Yes, I knew He was the one. Matter of fact, when we met, I was planning on marrying the person I had dated for the past 7 years. 
I wasn't looking for anyone else. 

Praise God that He put us together in time! So, 1) it was a 'God thing' and 2) I could not imagine living my life without him. He was the 1st and only peson I had ever felt that way about.


----------



## LadyFlynt (Mar 10, 2005)

yes, I knew he was the one...there wasn't a doubt in my mind.


----------



## sastark (Mar 10, 2005)

I met my wife while we were both attending Sac State. We met at InterVarsity (an on campus Bible study, for anyone who doesn't know). I liked her and she liked me, but other people at the Bible Study "discouraged" her from pursuing a relationship with me becuase (and I'm not joking): I am a calvinist. To these folks at InterVarsity, that meant I didn't believe in evangelism and I also didn't believe that God loved everyone, blah, blah, blah. It was really the first time I had experienced that kind of blantant slander based solely on my theology.

Well, my wife, being the wise woman that she is, went and did some research on "Calvinism". I knew I loved her that day when we met at the Studen Union and she had a thick three-ring binder FULL of articles about calvinism that she had printed out and read. They were by people like Edwards, Spurgeon, Calvin, Luther, Owens, etc. She said, "I already believed all this stuff, I just didn't know it was called Calvinism."

So, I asked her out. Three months later we were engaged and eight months after that, we were married. 

GOD IS GOOD!


----------



## ABondSlaveofChristJesus (Mar 10, 2005)

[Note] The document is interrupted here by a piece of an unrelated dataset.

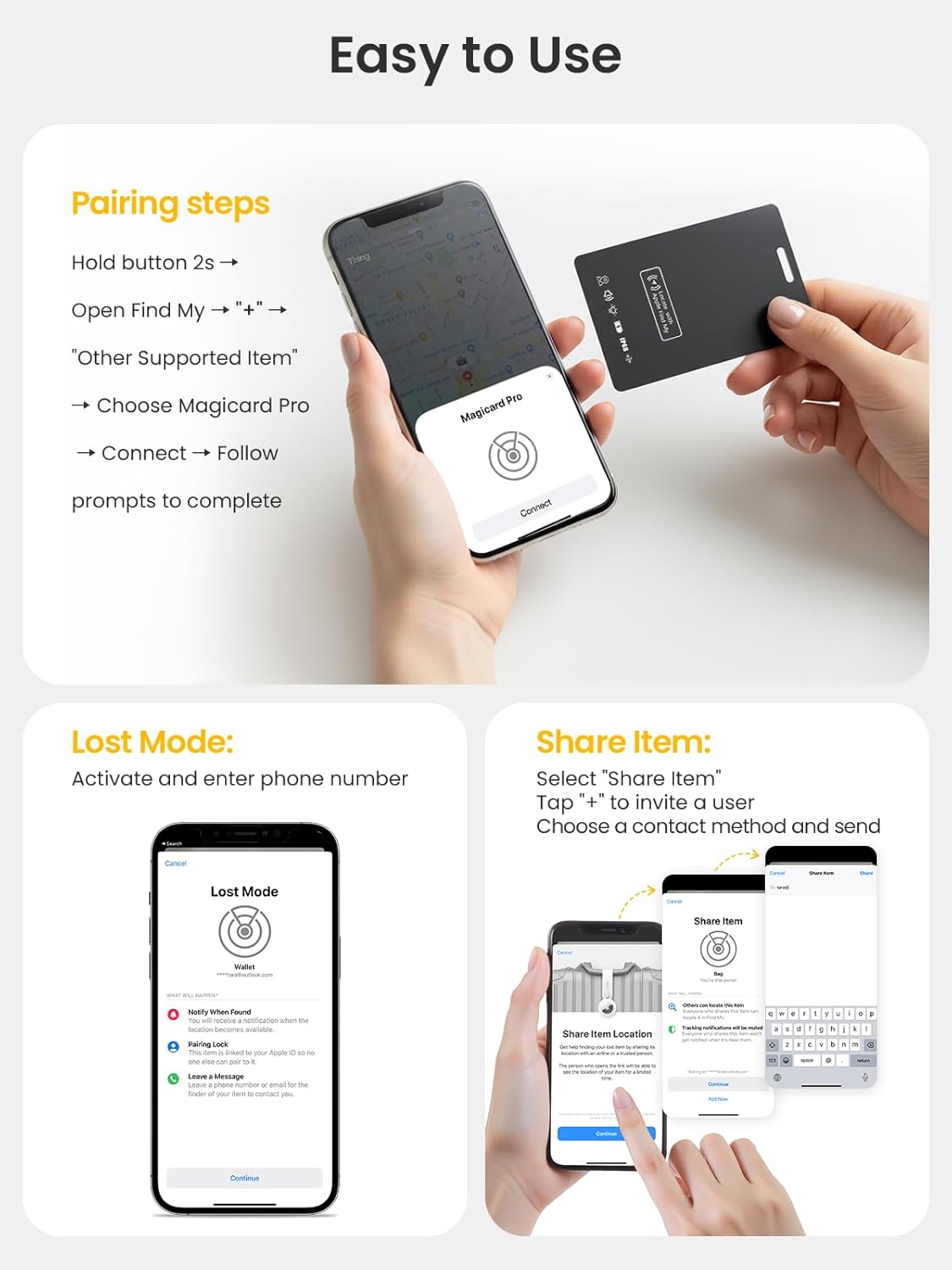 【Smart Alerts, Lost Mode & Family Sharing】: Get instant Leave Behind Alerts when your wallet moves out of range. Activate Lost Mode to enlist Apple’s secure Find My network for updates if it’s misplaced. With iOS 17, you can share item locations with up to five people—perfect for shared travel gear or family use

I can't seem to ever find a girl that I feel is the one. It's discouraging because I am prone to loneliness and want a helper, I burn, and I really want a family. Not to mention that the family name is dependent on me at the moment.

Lately there has been this girl who likes me and I think she is attractive and I like her personality, but its really nothing that special to me. Everyone thinks she is really hot, but she just isn't my type. I don't think about her all the time like I have past girls I'd crush on, and I could easily live with out her. I don't adore her at all. I like her and she is my friend.... I feel nothing more.

The girls that are my type seem to always be taken or to be pagan. Basically I never get oppertunities with the girls that are my type yet the ones that are close but no cigar always fall in my lap. It is a tease and it almost makes me cynical.


----------



## sastark (Mar 10, 2005)

Tim,

First off, how old are you? I'm 24.

Second, the "close but no cigar" girls......yeah, I've been there, man. Believe me: WAIT FOR THE RIGHT ONE. Think of it this way: the woman that God has set aside for you is the one that God, before the foundations of the world, predestined to marry you. What is the practical application of this truth? It is this: The "one" for you is the one God has chosen. That means all these other girls are distractions, tests, and last but not least: second best. Your wife is the best. Yeah, the wait SUCKS. I don't deny that, and I don't pretend to be in the same situation you are in right now. But remember that perseverance produces hope. Rest in the hope that God has the ONE girl for YOU out there somewhere (possibly thinking the same things you are thinking about finding the "one" for her). Be encouraged that all things work together for the good of those who love God, who are the called. God is working out a good thing for you. 

Never settle!


----------



## sastark (Mar 10, 2005)

Oh, one other thing. Maybe this is a little bit more practical of advice, but it follows along my "Never settle" advice:

If you know what you want in a wife, write it down, or at least memorize it, and when a girl comes a long and bats her eye lashes at you, run through your list in your head. It may save you some trouble by being able to "eliminate" her immeadiately. 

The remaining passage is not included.